Severity: E (Moderate) | Sphere: Se5 | Target: ax15, th5, th7

ax15 asserts “genuine agency” — that humans can choose among alternatives within D_free. The text claims denial is “performatively self-refuting.” But this holds only under a libertarian account of agency.

The compatibilist position (held by 59.2% of professional philosophers; Bourget and Chalmers 2023) holds that “genuine choice” is compatible with determinism. Under compatibilism, ax15 can be accepted, but ax17’s guidance/force distinction loses its force: if human choices are determined by prior causes (including divine sustaining per ax9), then the distinction between “guidance” and “force” collapses. God sustaining the entire causal chain (ax9) while claiming to only “guide” (ax17) is, under compatibilism, a distinction without a difference.

The hard determinist / hard incompatibilist position (Pereboom 2001) rejects ax15 outright. Under this view, the “performative self-refutation” argument fails because making an argument is a caused event, not a free choice.

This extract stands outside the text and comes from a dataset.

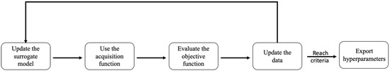 Initialization phase: This phase begins with a few random evaluations of the objective function to provide initial data for the surrogate model. Figure 2 illustrates the steps of the iteration optimization. There are 5 iterative optimization steps: (1) Update the surrogate model: With the data collected from previous evaluations, update the surrogate model; (2) Use the acquisition function: Based on the updated model, use the acquisition function to select the next dataset of hyperparameters to evaluate; (3) Evaluate the objective function: Train and validate the model using the selected hyperparameters and obtain the performance metric; (4) Update the data: Add the new result (hyperparameters and the corresponding performance metric) to the dataset (return to step (1) to update the surrogate model with the expanded dataset); (5) Export hyperparameters: Continue this process for a predefined number of iterations or until the improvement falls below a certain threshold.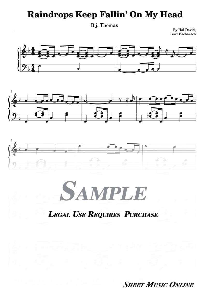 🎵 B.J. Thomas – Raindrops Keep Fallin’ On My Head (Piano Sheet Music)

Steel-man: If ax15 is weakened to compatibilism, ax17’s non-coercion principle becomes unmotivated. If ax15 is rejected entirely, th5 (Divine Non-Responsibility) fails and the innovation theodicy collapses. The practical self-destruction conclusion (the Jubilee System is needed) could still stand, but the theological framework (God seeks volunteers) would not. Dennett (2003) argues the libertarian free will that ax15 presupposes is incoherent and unnecessary; Pereboom (2001) argues moral practices can be grounded without it.